9 July 2008

There is no Oil to reduce prices

Because output at existing wells declines faster than new discoveries.


Output plummets at huge Mexican oilfield

By Adam Thomson in Mexico City

Published: July 8 2008 00:35 | Last updated: July 8 2008 00:35

Production at Mexico’s Cantarell oil complex, one of the world’s largest, has plummeted by a third in the past year, an indication the country could lose self-sufficiency in oil in the medium term.

Average daily production dropped to slightly more than 1m barrels a day in May compared with more than 1.6m b/d in the same month last year, according to the energy ministry.

Mexico’s total oil production fell about 10 per cent in the past 12 months to 2.79m b/d in May. That was only marginally above April’s output, which was the lowest in a decade.

“This is not a good sign,” said George Baker, head of energia.com, a Houston-based consultancy. “But it does at least strengthen the government’s position that there is an approaching crisis in oil production.”

The centre-right administration of President Felipe Calderón has for months been trying to use the deteriorating oil production figures to persuade Congress that something must be done quickly.

In April it presented legislators with a proposal for more flexibility in the service contracts that Pemex, the state oil company, signs with third parties. Currently, the contracts are narrow in scope and inflexible because Mexico’s constitution prohibits private investment in oil.

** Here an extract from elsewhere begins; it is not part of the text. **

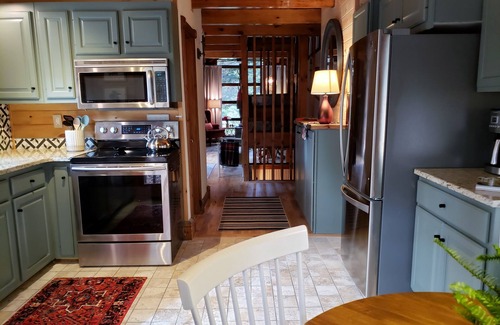 The charming eat in kitchen is fully equipped with new appliances, coffee maker, toaster, blender, microwave, cookware and utensils.
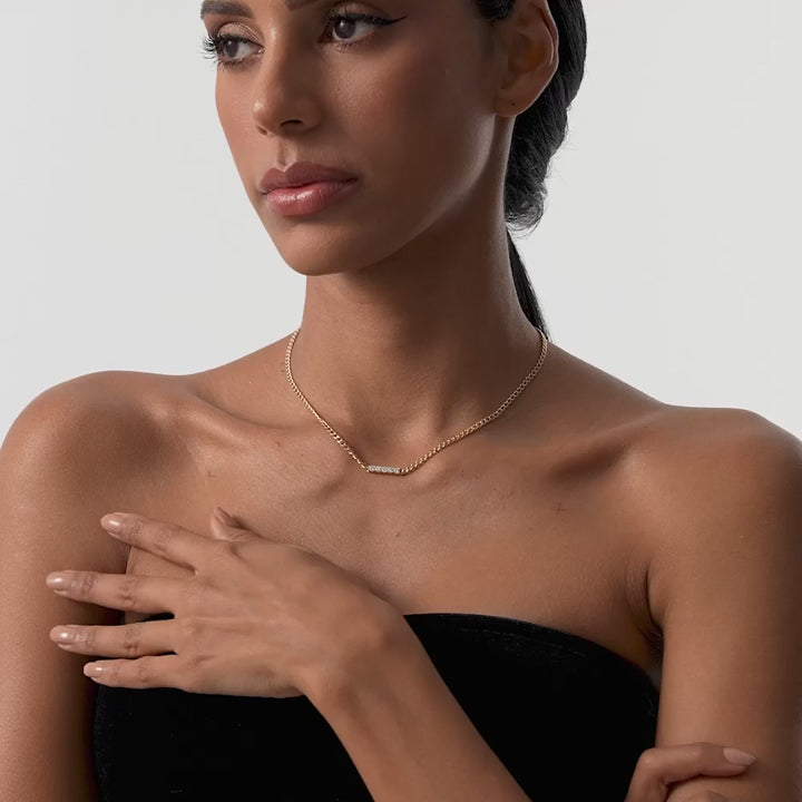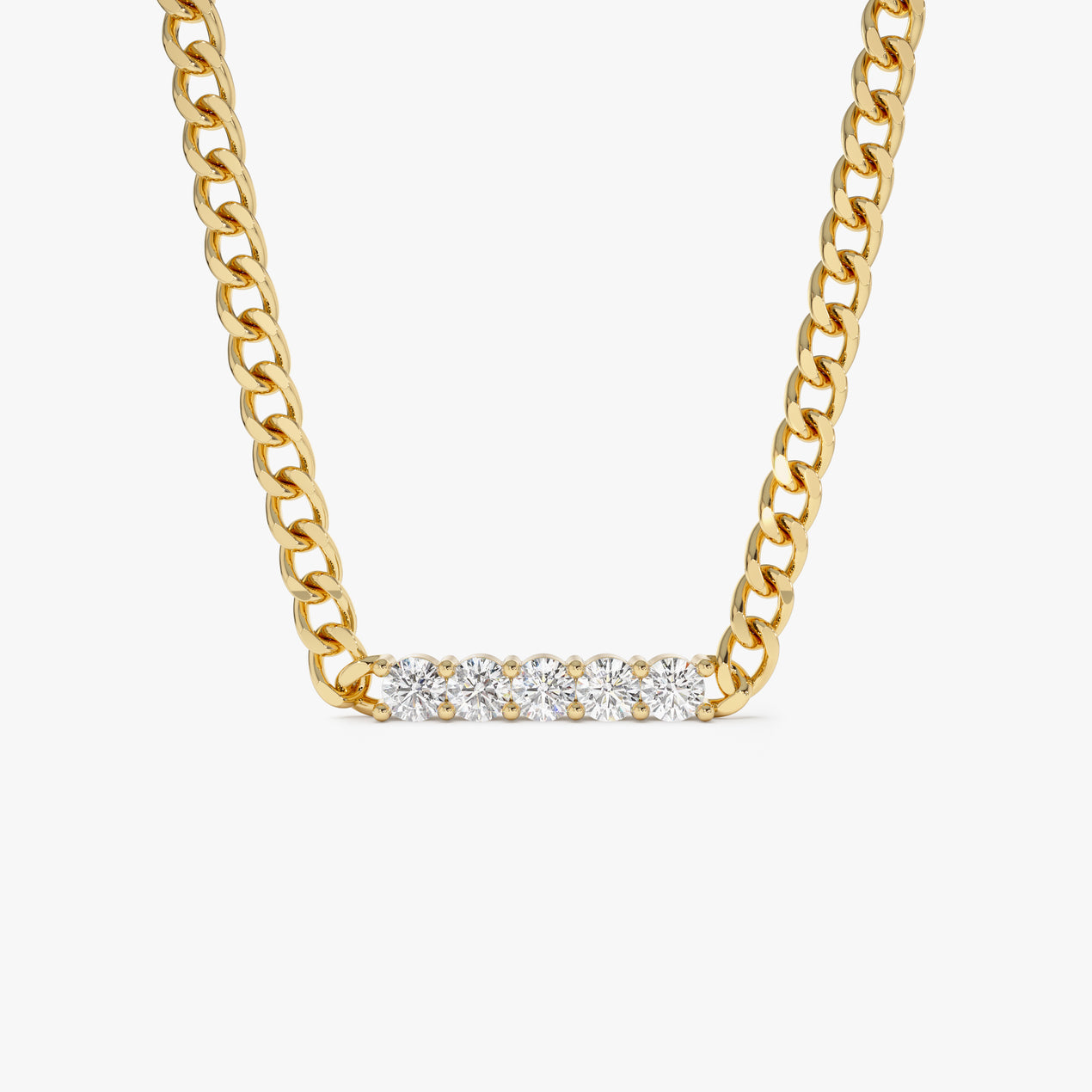 14K Diamond Bar Cuban Chain Necklace | Solid Gold Statement Jewelry | Men's & Women's Luxury Necklace | VLOVE

There is little optimism that the proposal will survive a slow-moving, entangled legislative debate amid strong resistance from both the main opposition parties.

Many opposition leaders argue the problems stem mainly from the government’s rising dependence on oil income, which has starved Pemex of cash it could use for exploration.

But the government maintains the vast bulk of the country’s reserves lie in deep waters and require technology and knowhow to develop that Pemex does not possess.